The term “code debt” in computer programming refers to the idea that certain decisions in writing computer code will lead to future consequences which have to be dealt with. By saving time now, the programmer is setting himself up for the need to take more time later. In other words, he is “borrowing” from the future. While this metaphor is helpful to use in many situations, there are some significant differences between code debt and real debt, and those differences need to be included more often in software development discussions.
First, for those who are not familiar with the concept of code debt, let me give a simplified example. Let’s say that I need to deliver a project next week, but I have more than a week’s worth of tasks to do. One of those tasks is logging. Now, it is problematic to deliver an application with insufficient logging, but let’s say that I determine that the delivery deadline is more important than the logging system.
Now, the logging system is a necessary feature that has to be implemented. Without it, it would be impossible to trace bugs, customer problems, or security threats adequately. However, I can hold off building the logging system until after I release the current code. So, I make the decision to ship in a week, and deliver the logging system the next week. Essentially, what I did was “go into debt” with the code. The delivery did not have everything it should have had, but I chose to deliver the rest later. Just because lacking the code didn’t block the release didn’t mean that the change didn’t need to occur, I just chose to put it off until later. What the term “code debt” helps us with is remembering (and communicating to management) the fact that certain decisions mean that we are saving time now in order to spend time later. That way, managers can better understand why you are still working on the system despite the fact that it already “shipped,” or why you are working on features that are already delivered. “Code debt” translates complicated programmer intuitions and decisions into a language that is better understood by managers.
Code debt is usually subtler than this example. Code debt more often comes around because some part of a module needs to be rewritten to more cleanly support new features. Let’s say it takes two days to implement a new feature in the module, but it would only take one day to implement that feature (and maybe future features like it) if we rewrote the module differently. However, the rewrite will take five days. For any one particular feature, the two days is faster, but, for the long haul, the rewrite is probably faster. Choosing not to rewrite the module introduces code debt in two ways, because not only are you not rewriting the module, you are also adding to the amount of code that needs to be rewritten, as your new feature will also need to be rewritten when you rewrite the module.
That said, I want to mention a few ways that code debt is not at all like real debt. I think that the usage of the phrase causes people to overly associate the mechanics of monetary debt to what is actually happening in code debt, and that can lead to strategic technology mistakes.
The first difference is that all real debts have to be paid, but some code debts don’t.

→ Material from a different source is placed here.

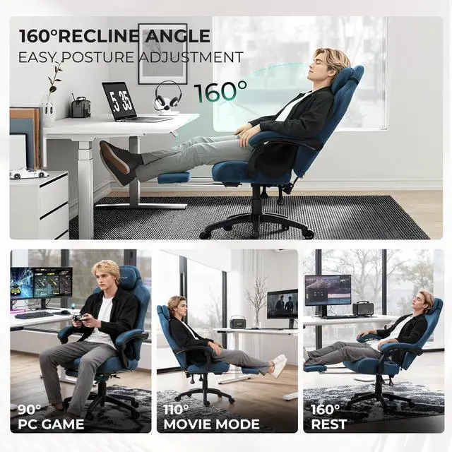 Fully Adjustable Gaming Chair for Big & Tall UsersExperience ultimate comfort with our extra-wide 21.5" seat and tall 32.7" backrest. Featuring 3-inch adjustable lumbar pillow, customizable armrests and retractable footrest, this game chair adapts to any body type (5'2" to 6'5") while supporting up to 440 lbs with ease.

If I borrow money from the bank for a project, and that project fails, I still owe the bank the money. On the other hand, if I accumulate code debt for a project that fails, I don’t owe the code debt at all. That is, if the software winds up going unused, then any amount of “payment” I made on the code debt was actually wasted. This is why, in newer projects which are not guaranteed success, accumulating code debt is actually beneficial, because this is work that only has to be done on success. If the project as a whole winds up failing, or the company goes a different direction, then the code debt is cancelled and becomes money saved.
The second difference is that sometimes code debt has early payment penalties. Programmers like to refactor their code so that it works well with the features it is supporting. Optimally, the code is structured such that future features are easy to implement and work with the architecture, not against it. However, nobody actually knows what the future requirements will be. I’ve had projects where fundamental assumptions were uprooted within weeks of launching. If you refactor too early you can risk having to refactor again shortly because assumptions change. While you can’t predict the future, it is good to keep in mind that waiting to refactor can have benefits.
The final difference is that sometimes code debt gets smaller as it accumulates. The more you add to the system, the more you really understand what you are doing. The more you push on a system’s boundaries, the clearer it is how the system should work. The more you integrate other systems into your system the better you understand where the ideal interface points are. All of this will make code debt cleanup easier and faster, because you will be more certain of where it should occur and what the final result should look like.
The key to managing code debt is not only keeping track of it, but being wise about when to pay it off. If you have no code debt, or you always try to eliminate your code debt, you could be making strategic errors in utilizing developer resources in the most productive ways.